Member of Parliament, Lok Sabha
- In office 17 May 2014 – 4 June 2024
- Preceded by: Mahesh Joshi
- Succeeded by: Manju Sharma (politician)
- Constituency: Jaipur

Personal details
- Born: 1 July 1956 (age 69) Jaipur, Rajasthan, India
- Party: Bharatiya Janata Party
- Spouse: Lalita Bohra
- Children: 2
- Occupation: Agriculturist
- Website: http://ramcharanbohra.com

= Ramcharan Bohra =

Indian politician

Ramcharan Bohra (born 1 July 1956) is an Indian politician who has been representing the Jaipur constituency of Rajasthan in the Lok Sabha since 2014. He belongs to the Bharatiya Janata Party.

In 1995, Bohra was elected as zilla parishad of the Jaipur district. In 2014, he was elected to the Lok Sabha by defeating Mahesh Joshi of the Indian National Congress party. Since then, he has been a member of various parliamentary committees.

==Early life==
Bohra was born 1 July 1956 at Jaipur, Rajasthan to a Brahmin family. He studied only till higher secondary schooling.

==Political career==
===Early political career===
In 1983, Bohra joined the Rashtriya Swayamsevak Sangh. Between 1995 and 2000, he served as zilla pramukh of Jaipur district.

===16th Lok Sabha===
On 17 May 2014, Bohra was elected to the Lok Sabha as a candidate of the Bharatiya Janata Party from Jaipur constituency after defeating Mahesh Joshi of the Indian National Congress, his nearest rival by a margin of approximately 539,000 votes. His win was credited to the erstwhile Modi wave and the factionalism within the Congress party. He won by the largest margin in the state of Rajasthan in the general election. After getting elected, he completed all the formalities to nominate Jaipur as a potential Smart City. He started meeting citizens at his house to remove their grievances. He utilised from his MPLADS fund to buy an Auto Hooper car and jetting machine to improve the city's garbage collection system. Funds were also utilised to build public toilets and bus stands in his city. In order to reduce pollution, he made the government approve a water pollution prevention plant.

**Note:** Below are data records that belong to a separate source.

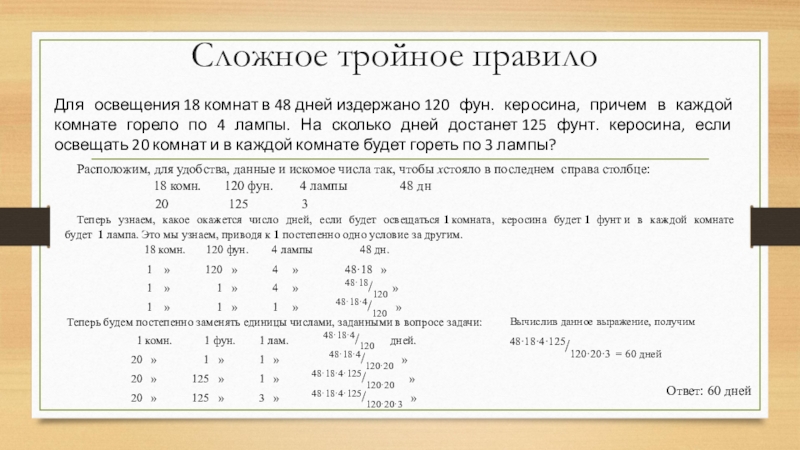 Теперь узнаем, какое окажется число дней, если будет освещаться 1 комната, керосина будет 1 фунт и в каждой комнате будет 1 лампа. Это мы узнаем, приводя к 1 постепенно одно условие за другим.
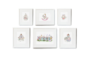Personalise this print : Available on the individual prints:Sugar Bowl Mouse,Rocking Horse Princess,Tea Cup Mouse,Princess Carriage,Enchanted Tea Party,The Royal Rabbit
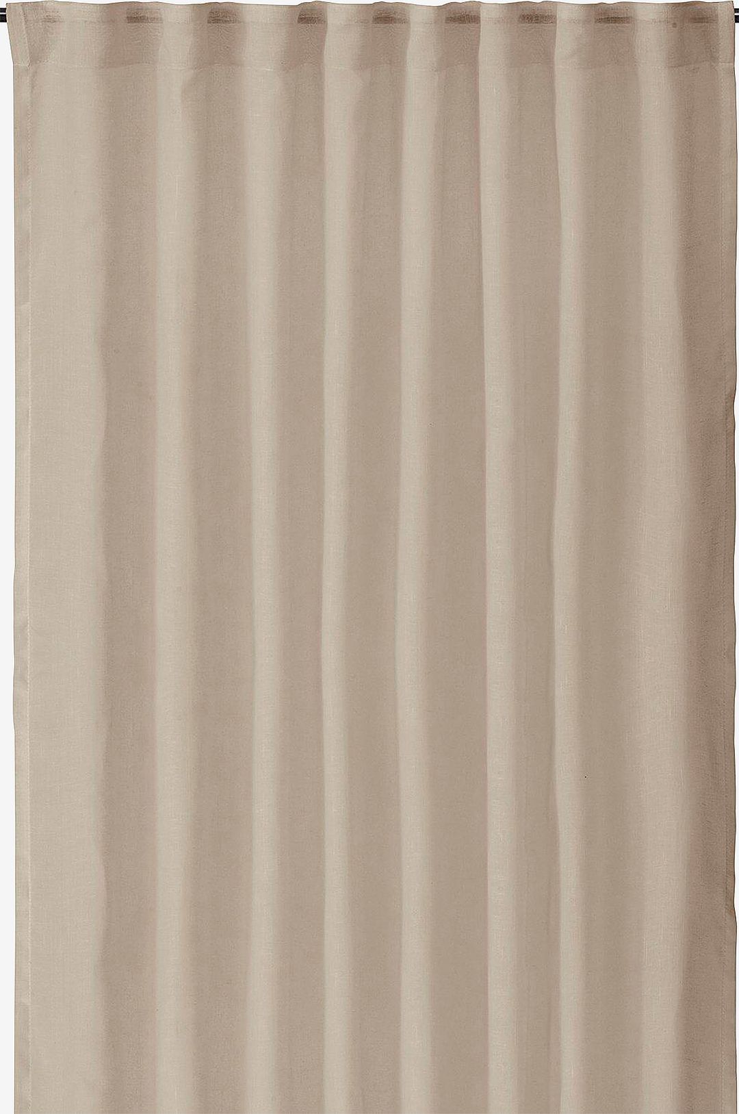 1-st tunna, skira gardinlängder med fint fall. Gardinen har ett multiband i ovankant, fållade långsidor och overlockssöm i nederkant. Använd snabbfållningsband för att få rätt längd på gardinen. Multiband är en flexibel lösning som gör att gardinen kan hängas upp med fingerkrokar, räkor eller direkt på stång beroende på vilken typ av veck och vilket fall man vill ha på gardinen. Mått: 140×260 cm. 100% Polyester.
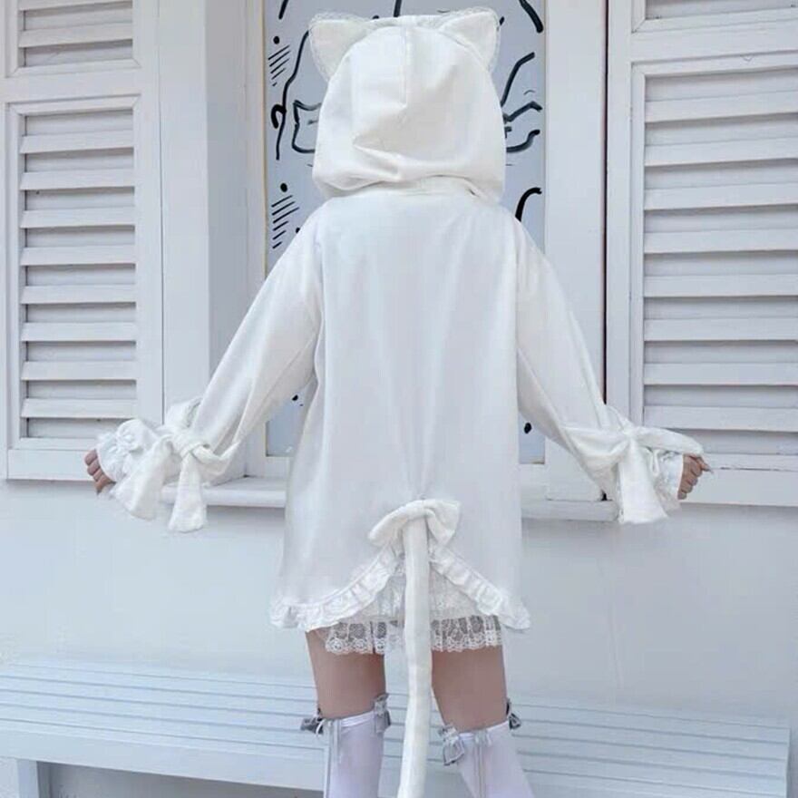 地雷系 猫耳 フーディ ジャケット しっぽ付きフリル レース

During Bohra's first stint in the parliament, he served as a member of a standing committee on urban development and of standing committee on tourism, transport and culture. He was also a member of the consultative committee for the ministry of railways. Bohra asked 312 questions and participated in 110 debates in the Lok Sabha.

===17th Lok Sabha===
In 2019, the party renominated Bohra for the upcoming election. He won for the second time on 23 May, and defeated his nearest rival, Jyoti Khandelwal of the Congress party by a margin of 430,626 votes.

==Personal life==
On 9 March 1974, Bohra married Lalita Bohra. They have two sons.